═══ TASK DATA
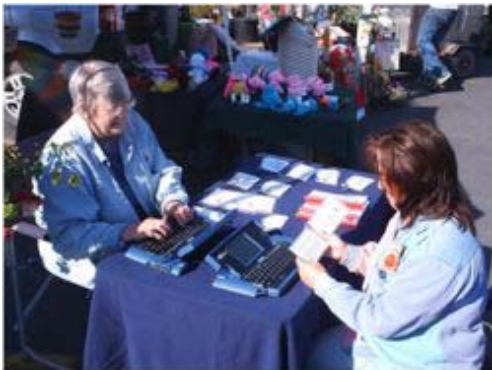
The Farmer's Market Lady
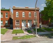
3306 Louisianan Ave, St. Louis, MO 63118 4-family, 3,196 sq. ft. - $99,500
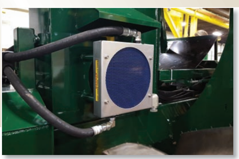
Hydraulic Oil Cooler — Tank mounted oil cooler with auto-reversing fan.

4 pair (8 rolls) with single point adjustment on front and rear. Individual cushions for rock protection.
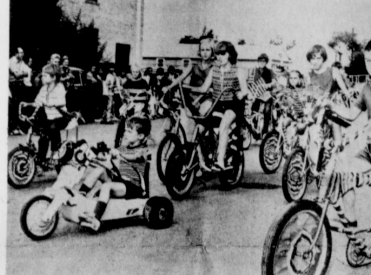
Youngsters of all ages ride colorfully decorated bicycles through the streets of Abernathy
══════
TASK INSTRUCTIONS. Extract exactly the lines above from the line containing "3306 Louisianan Ave, St." through the last one, both ends included, but not the pictures.

RESPONSE AREA.
3306 Louisianan Ave, St. Louis, MO 63118 4-family, 3,196 sq. ft. - $99,500
Hydraulic Oil Cooler — Tank mounted oil cooler with auto-reversing fan.

4 pair (8 rolls) with single point adjustment on front and rear. Individual cushions for rock protection.
Youngsters of all ages ride colorfully decorated bicycles through the streets of Abernathy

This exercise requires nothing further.